Laughing Stock: If Richard Pryor Could See Him Now

Posted By on Wed, May 9, 2018 at 11:25 PM

click to enlarge Laughing Stock: If Richard Pryor Could See Him Now
Tim Allen performs at TCC Music Hall on May 19.
Things we know about Tim Allen: He’s a guy’s guy and a devoted family man; Disney Studios loves him; he’s a perennial candidate for People’s Choice Awards, and he’s insane enough to love touring his standup show the best.

If we had written two best-selling books, were set to voice Buzz Light Year for the fourth time in the Toy Story franchise (Toy Story 4, 2019); had been anointed by Disney to play Santa Claus for four eponymous films (1991 People’s Choice Award); had an eight-year, prime time run of Home Improvement, winning a Golden Globe and, every year of the run, the People’s Choice Award for Favorite Male Performer in a Television Series; and had just wrapped the sixth season of Last Man Standing for ABC, wouldn’t we hang it up and just go parasailing? Maybe buy a football team? Run for office?

Not Allen. He continues to hit the road for stand-up dates nearly every weekend. Why? Because he can. “Oh boy, I get excited about standup comedy!” he says. “Always have. To be one of the guys who has been able to do this is really honor.

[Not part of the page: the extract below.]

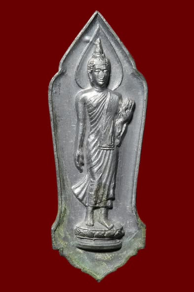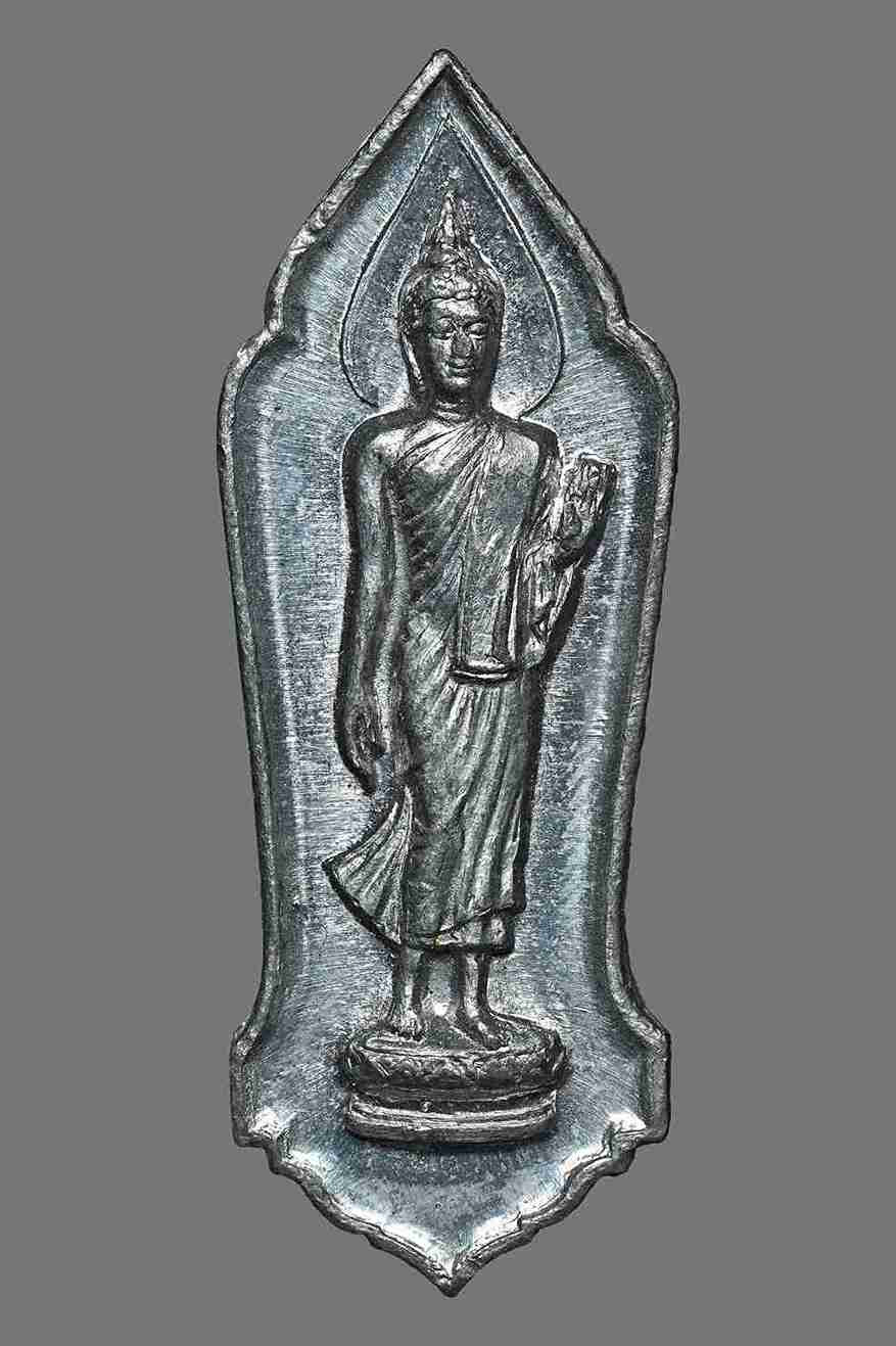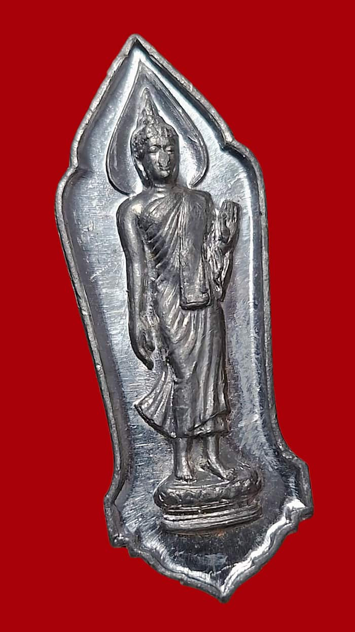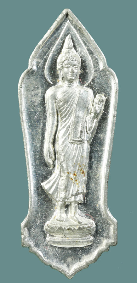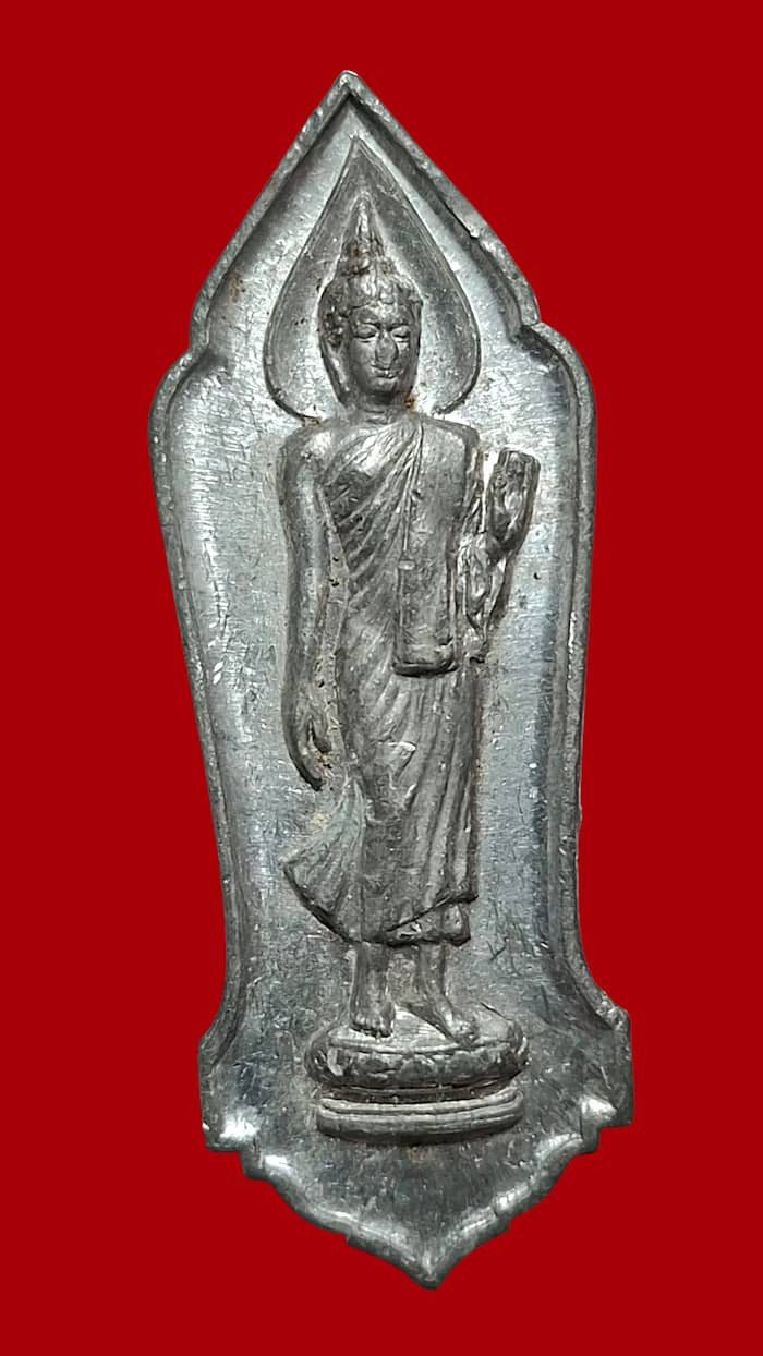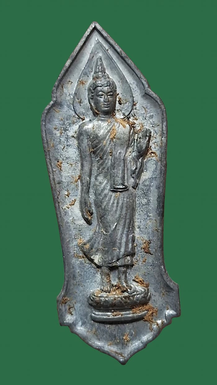 (((วัดใจ)))พระลีลา 25 พุทธศตวรรษ ปี พ.ศ.2500 เนื้อชินตะกั่ว บล็อคสังฆาฏิจุด ผิวกระจกตัวจริงครับผม |

“I've been tenacious about it, too. I want to make that crowd laugh with me, all of us together. Pryor did it to me. When I saw Pryor, it changed my life I laughed so hard and so deeply.”

Allen wouldn’t pretend to the experience that drove Pryor’s comedy content, but Pryor became the model for the effect that Allen strives for in an audience. “If I could get the crowd rolling like Richard Pryor did,” his voice trails off. “I don't stop, I'm going to give you an hour or more of the best comedy that will relate all of us together.”

A philosophy major in college, Allen eschews politics, but retains his wonder about human nature. “I’m interested in what’s underneath politics and sexism and masculinism – the foibles we have as humans, the best and worst that we are. I love making fun of that stuff.

“My (comedy) is mostly observational stuff about men and women, living our lives, and games and food,” he says. “I don't argue as much as I get older. I'm just looking for clarity. ‘Why is it like this?’”

Allen performs at Tucson Convention Center at 8 p.m., Saturday, May 19. Reserved seat tickets are $49 to $89 and available online.